• [TASK DESCRIPTION]
Return exactly the lines from the one containing "這種對于幸福與美好的向往,上" through the end of the material below, and leave the images out.

• [MATERIAL PROVIDED]
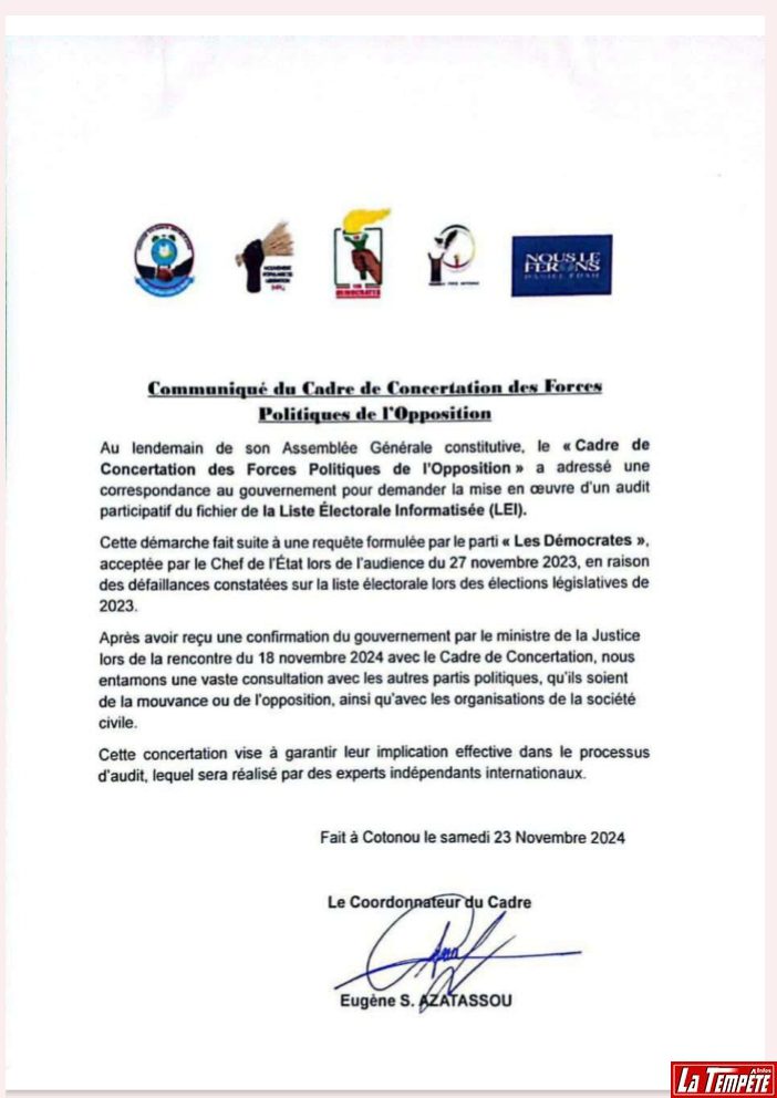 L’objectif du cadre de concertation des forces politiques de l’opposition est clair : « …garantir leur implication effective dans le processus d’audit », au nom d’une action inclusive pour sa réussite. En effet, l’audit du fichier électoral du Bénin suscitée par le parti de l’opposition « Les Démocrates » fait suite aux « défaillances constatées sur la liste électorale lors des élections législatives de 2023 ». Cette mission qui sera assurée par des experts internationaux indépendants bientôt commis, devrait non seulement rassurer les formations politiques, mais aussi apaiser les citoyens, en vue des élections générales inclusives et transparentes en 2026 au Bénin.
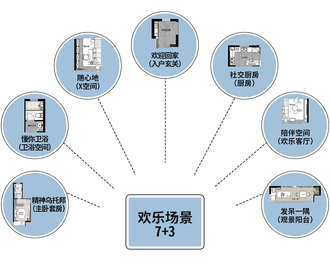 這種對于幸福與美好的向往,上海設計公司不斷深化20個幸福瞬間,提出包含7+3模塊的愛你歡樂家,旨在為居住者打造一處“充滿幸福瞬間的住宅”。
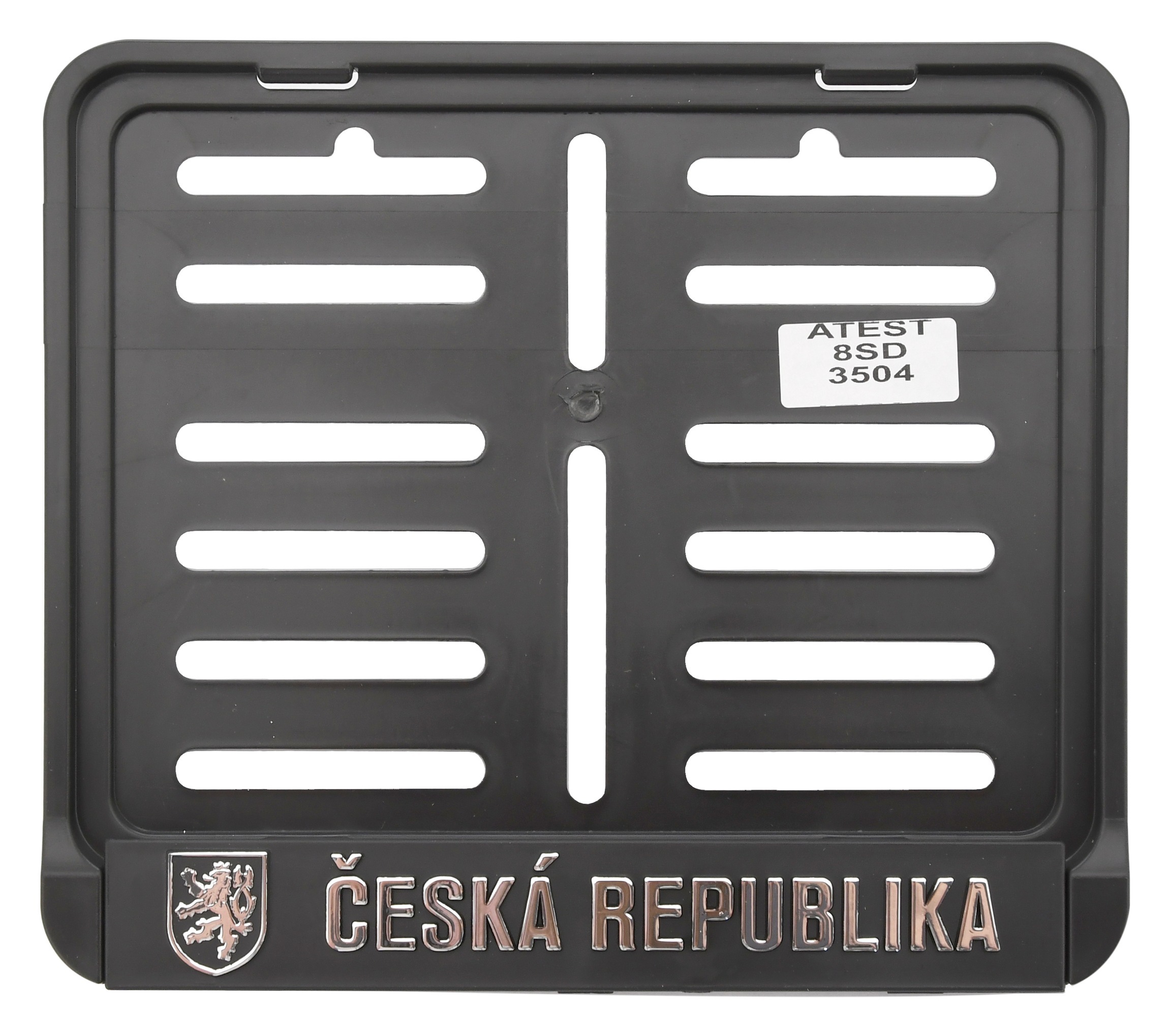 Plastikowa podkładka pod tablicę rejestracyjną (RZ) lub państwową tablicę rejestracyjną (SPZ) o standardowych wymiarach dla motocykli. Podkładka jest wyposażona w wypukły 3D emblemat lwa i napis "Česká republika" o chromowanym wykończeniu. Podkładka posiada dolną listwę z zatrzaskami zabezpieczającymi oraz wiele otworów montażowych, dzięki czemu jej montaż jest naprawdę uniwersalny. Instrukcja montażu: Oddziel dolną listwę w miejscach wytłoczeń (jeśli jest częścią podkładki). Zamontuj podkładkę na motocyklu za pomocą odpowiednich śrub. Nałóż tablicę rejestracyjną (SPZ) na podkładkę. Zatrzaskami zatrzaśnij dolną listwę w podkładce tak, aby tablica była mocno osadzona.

• [FINAL ANSWER]
 這種對于幸福與美好的向往,上海設計公司不斷深化20個幸福瞬間,提出包含7+3模塊的愛你歡樂家,旨在為居住者打造一處“充滿幸福瞬間的住宅”。
 Plastikowa podkładka pod tablicę rejestracyjną (RZ) lub państwową tablicę rejestracyjną (SPZ) o standardowych wymiarach dla motocykli. Podkładka jest wyposażona w wypukły 3D emblemat lwa i napis "Česká republika" o chromowanym wykończeniu. Podkładka posiada dolną listwę z zatrzaskami zabezpieczającymi oraz wiele otworów montażowych, dzięki czemu jej montaż jest naprawdę uniwersalny. Instrukcja montażu: Oddziel dolną listwę w miejscach wytłoczeń (jeśli jest częścią podkładki). Zamontuj podkładkę na motocyklu za pomocą odpowiednich śrub. Nałóż tablicę rejestracyjną (SPZ) na podkładkę. Zatrzaskami zatrzaśnij dolną listwę w podkładce tak, aby tablica była mocno osadzona.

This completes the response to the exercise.